06Conclusion & Future Work
Three-sentence summary
- MemGUI-Bench is a new memory-first benchmark for mobile GUI agents that forces real remembering across time and apps, uses multi-try grading, and applies a careful staged judge.
- It reveals large hidden deficits (4–10× gaps), proves short-term memory is required, shows long-term memory gives strong gains (+21.9 pp), and pinpoints cross-app info transfer as the main bottleneck.
- It also balances accuracy and cost through Progressive Scrutiny and offers concrete failure patterns and design tips to guide future agent building.
Main achievement
- Making memory measurable: The paper turns fuzzy “the agent forgot” into precise scores (IRR, FRR, pass@k) and trustworthy judgments that scale across realistic apps and tasks.
Future directions
- Lighter, smarter memory: Tighter representations and selective recall to work within token/time budgets;
- Better long context use: Structured buffers and retrieval that don’t just dump whole histories;
- Richer long-term learning: From pass@k to lifelong improvement across weeks and many apps;
- Stronger robustness: Handling UI changes, locales, and device differences gracefully.
Why remember this
- If we want phone agents that act like capable helpers—not just button clickers—we must test and build their memory.
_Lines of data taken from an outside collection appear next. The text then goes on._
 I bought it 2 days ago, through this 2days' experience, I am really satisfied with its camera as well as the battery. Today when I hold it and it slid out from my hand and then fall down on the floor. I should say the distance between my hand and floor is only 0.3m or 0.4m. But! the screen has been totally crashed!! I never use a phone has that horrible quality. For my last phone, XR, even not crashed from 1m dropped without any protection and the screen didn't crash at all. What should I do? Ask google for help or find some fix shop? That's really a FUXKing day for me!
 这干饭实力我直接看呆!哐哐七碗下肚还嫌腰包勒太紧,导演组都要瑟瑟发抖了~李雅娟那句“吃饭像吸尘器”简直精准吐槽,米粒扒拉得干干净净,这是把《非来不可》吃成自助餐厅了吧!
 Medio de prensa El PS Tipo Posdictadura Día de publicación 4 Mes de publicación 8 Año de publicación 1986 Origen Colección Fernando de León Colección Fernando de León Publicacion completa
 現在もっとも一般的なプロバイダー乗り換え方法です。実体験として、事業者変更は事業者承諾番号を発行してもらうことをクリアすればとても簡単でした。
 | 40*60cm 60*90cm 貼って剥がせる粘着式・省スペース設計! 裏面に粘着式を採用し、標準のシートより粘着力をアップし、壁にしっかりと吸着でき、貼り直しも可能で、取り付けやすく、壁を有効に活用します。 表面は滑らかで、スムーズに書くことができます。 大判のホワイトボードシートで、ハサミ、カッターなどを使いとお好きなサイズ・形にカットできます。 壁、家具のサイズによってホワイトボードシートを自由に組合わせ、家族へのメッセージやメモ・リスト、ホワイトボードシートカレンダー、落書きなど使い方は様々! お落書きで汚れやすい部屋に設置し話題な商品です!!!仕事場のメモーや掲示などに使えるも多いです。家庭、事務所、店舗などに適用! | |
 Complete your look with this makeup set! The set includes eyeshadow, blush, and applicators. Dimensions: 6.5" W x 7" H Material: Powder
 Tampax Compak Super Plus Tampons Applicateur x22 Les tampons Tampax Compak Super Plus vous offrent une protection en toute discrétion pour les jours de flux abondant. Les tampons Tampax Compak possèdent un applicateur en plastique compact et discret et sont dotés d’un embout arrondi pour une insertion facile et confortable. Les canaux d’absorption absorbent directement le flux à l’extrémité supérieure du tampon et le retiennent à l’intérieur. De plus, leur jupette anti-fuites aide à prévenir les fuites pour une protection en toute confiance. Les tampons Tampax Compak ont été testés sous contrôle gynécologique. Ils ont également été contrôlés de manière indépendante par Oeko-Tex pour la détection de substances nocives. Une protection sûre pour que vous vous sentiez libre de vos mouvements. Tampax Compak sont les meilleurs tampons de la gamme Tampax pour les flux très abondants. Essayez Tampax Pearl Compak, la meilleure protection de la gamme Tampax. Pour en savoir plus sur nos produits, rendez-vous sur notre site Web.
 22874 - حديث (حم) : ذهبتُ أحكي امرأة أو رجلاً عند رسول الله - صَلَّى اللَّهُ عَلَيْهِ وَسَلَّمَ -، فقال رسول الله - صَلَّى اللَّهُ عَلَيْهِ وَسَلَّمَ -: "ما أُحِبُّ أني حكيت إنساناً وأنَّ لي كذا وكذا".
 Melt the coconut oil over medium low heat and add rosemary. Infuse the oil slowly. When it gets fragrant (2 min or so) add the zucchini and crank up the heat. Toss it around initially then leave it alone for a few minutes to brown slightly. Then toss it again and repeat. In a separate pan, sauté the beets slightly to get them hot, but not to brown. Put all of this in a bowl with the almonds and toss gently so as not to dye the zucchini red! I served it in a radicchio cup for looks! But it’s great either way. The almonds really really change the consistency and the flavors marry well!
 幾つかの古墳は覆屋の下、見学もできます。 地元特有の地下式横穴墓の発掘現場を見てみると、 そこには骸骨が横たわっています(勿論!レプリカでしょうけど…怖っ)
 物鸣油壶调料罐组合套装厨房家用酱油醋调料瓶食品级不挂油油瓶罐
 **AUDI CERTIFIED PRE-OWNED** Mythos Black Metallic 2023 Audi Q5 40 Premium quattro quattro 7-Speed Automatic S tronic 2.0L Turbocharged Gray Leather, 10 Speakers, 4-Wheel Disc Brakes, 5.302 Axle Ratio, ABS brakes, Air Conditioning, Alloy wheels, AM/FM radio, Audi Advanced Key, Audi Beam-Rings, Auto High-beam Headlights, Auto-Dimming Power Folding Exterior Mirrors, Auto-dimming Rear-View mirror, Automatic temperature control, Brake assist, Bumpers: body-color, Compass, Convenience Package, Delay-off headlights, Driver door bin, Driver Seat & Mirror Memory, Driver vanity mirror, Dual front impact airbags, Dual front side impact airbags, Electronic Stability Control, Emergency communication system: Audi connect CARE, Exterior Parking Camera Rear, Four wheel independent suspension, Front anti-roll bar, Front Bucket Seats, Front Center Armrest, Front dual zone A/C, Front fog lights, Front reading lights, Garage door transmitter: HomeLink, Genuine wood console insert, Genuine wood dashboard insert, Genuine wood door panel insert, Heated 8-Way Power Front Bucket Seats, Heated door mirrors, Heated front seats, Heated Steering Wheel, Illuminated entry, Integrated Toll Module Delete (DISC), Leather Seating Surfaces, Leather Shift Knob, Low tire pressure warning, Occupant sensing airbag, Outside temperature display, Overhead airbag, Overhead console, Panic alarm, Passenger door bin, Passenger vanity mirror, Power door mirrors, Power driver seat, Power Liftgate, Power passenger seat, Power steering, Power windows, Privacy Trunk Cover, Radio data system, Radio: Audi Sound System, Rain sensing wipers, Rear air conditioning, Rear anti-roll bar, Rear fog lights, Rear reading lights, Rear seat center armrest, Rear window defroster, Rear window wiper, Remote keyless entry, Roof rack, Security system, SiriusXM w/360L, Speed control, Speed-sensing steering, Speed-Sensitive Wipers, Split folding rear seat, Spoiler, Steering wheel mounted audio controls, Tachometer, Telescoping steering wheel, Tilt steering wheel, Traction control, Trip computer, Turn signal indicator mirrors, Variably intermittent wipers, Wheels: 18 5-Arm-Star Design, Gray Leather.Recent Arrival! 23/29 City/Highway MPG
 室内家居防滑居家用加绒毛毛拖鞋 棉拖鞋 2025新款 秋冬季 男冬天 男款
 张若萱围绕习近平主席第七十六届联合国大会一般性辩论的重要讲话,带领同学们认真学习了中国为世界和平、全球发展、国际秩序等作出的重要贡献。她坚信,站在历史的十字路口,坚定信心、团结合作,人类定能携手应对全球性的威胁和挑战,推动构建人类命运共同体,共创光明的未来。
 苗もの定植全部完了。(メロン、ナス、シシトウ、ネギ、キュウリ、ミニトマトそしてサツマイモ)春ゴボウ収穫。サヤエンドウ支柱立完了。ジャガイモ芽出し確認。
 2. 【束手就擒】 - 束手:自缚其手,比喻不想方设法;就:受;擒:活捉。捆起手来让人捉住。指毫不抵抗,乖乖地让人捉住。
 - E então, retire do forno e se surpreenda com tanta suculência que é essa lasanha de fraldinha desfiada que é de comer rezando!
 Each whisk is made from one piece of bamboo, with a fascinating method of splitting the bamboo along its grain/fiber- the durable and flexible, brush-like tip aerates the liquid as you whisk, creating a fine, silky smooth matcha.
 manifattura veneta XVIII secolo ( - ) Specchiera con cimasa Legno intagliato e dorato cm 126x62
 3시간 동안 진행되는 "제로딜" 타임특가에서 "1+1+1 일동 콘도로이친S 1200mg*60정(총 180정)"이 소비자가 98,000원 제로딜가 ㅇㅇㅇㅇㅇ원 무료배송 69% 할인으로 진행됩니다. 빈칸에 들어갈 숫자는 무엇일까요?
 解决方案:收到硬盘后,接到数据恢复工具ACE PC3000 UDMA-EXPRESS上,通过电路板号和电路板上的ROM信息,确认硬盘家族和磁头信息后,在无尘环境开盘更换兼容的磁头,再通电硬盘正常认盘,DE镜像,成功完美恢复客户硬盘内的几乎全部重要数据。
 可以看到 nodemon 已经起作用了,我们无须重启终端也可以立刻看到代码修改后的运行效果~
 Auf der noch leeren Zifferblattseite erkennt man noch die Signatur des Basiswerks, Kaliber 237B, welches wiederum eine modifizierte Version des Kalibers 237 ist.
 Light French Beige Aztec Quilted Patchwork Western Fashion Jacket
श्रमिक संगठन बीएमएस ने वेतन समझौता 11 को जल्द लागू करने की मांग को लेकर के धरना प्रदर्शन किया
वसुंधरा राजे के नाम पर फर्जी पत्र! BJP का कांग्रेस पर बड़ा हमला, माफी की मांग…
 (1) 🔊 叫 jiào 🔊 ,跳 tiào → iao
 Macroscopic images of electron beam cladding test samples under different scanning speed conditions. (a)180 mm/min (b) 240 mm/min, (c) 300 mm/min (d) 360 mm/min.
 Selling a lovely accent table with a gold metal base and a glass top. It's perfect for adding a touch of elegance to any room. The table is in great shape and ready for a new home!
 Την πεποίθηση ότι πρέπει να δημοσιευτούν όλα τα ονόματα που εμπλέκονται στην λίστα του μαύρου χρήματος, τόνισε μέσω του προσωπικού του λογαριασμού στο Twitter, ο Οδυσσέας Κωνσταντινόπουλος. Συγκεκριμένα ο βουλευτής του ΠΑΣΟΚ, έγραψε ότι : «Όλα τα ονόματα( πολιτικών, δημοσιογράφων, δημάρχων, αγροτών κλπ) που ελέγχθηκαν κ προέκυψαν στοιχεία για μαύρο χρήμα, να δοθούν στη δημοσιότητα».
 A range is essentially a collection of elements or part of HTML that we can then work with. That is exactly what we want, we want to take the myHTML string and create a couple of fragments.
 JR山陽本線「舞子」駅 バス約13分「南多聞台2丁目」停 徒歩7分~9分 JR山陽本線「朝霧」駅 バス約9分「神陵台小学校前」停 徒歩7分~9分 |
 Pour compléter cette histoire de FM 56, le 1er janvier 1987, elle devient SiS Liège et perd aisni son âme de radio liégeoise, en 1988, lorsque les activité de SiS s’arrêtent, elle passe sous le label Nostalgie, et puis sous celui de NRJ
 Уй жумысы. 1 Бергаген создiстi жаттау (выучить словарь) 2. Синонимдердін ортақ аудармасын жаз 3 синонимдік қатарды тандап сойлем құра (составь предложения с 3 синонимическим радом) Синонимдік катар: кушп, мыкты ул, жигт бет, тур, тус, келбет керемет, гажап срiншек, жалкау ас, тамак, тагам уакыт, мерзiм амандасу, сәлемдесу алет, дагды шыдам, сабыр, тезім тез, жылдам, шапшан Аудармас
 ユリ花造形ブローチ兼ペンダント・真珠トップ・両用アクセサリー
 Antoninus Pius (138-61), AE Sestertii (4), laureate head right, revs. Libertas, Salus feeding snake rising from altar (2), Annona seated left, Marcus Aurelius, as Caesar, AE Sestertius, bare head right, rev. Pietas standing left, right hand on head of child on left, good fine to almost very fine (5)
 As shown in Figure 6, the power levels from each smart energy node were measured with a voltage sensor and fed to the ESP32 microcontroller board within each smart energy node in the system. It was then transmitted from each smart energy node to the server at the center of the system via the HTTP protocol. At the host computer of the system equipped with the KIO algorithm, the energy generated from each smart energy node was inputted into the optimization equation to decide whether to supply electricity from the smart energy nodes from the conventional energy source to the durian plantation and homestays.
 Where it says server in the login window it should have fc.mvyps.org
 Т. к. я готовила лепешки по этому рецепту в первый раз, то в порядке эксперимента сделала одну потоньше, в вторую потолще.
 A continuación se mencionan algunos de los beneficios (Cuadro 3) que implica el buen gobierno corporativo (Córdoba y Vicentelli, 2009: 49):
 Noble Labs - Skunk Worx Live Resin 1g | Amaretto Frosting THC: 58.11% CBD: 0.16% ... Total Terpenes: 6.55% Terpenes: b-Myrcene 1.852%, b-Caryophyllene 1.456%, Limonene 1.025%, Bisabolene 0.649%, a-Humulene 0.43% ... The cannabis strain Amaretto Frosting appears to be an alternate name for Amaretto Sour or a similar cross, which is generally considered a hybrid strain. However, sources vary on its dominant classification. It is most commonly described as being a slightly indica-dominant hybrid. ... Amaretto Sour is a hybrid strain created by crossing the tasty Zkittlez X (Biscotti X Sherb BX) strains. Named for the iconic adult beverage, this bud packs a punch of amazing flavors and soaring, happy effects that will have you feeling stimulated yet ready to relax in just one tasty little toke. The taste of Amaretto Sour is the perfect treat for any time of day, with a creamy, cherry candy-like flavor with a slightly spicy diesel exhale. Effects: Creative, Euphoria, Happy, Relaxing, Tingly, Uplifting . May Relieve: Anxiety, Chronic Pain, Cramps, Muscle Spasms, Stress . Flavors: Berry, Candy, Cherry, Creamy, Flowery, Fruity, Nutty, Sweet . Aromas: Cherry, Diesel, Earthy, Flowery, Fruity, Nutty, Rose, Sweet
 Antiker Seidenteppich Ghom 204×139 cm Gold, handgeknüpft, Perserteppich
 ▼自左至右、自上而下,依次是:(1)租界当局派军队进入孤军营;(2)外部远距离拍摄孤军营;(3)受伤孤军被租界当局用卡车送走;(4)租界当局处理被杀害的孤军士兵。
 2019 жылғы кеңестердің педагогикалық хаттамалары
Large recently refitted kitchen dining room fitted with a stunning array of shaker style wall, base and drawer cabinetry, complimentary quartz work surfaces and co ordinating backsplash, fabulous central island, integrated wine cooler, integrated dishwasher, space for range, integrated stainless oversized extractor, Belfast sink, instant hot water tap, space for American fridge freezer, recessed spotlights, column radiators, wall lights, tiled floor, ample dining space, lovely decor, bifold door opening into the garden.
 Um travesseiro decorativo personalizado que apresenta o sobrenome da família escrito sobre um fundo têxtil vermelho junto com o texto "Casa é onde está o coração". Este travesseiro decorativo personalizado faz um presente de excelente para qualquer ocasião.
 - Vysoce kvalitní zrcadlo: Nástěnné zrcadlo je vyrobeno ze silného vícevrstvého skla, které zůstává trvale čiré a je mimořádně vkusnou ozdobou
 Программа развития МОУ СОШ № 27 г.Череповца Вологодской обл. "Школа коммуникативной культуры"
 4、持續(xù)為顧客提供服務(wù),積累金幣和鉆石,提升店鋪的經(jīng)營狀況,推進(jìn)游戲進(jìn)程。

MemGUI-Bench provides the map, the yardstick, and the referee to get there.
Practical Applications
- •Evaluate your GUI agent’s short-term memory using IRR to spot where details get dropped in multi-step tasks.
- •Use pass@k to measure long-term learning, and tune your memory module until FRR shows faster recovery from failures.
- •Adopt a staged judge (like Progressive Scrutiny) to cut evaluation costs while improving decision accuracy.
- •Design tasks with mirror pairs to test whether your agent can transfer strategies across similar, later tasks.
- •Add multi-granularity memory buffers (e.g., slots for prices, addresses, dates) to reduce partial memory hallucination.
- •Introduce hierarchical task plans with persistent goals to prevent process memory hallucination mid-task.
- •Leverage longer context windows strategically (multi-turn summaries, selective retrieval) instead of dumping raw histories.
- •Track Average Step Ratio and Time/Step to ensure memory wins don’t come with unusable latency.
- •Stress-test cross-app info transfer (1→4 apps) to reveal your true memory bottlenecks before deployment.
- •Set token budgets and measure degradation to balance capability (LTM) with real-world cost constraints.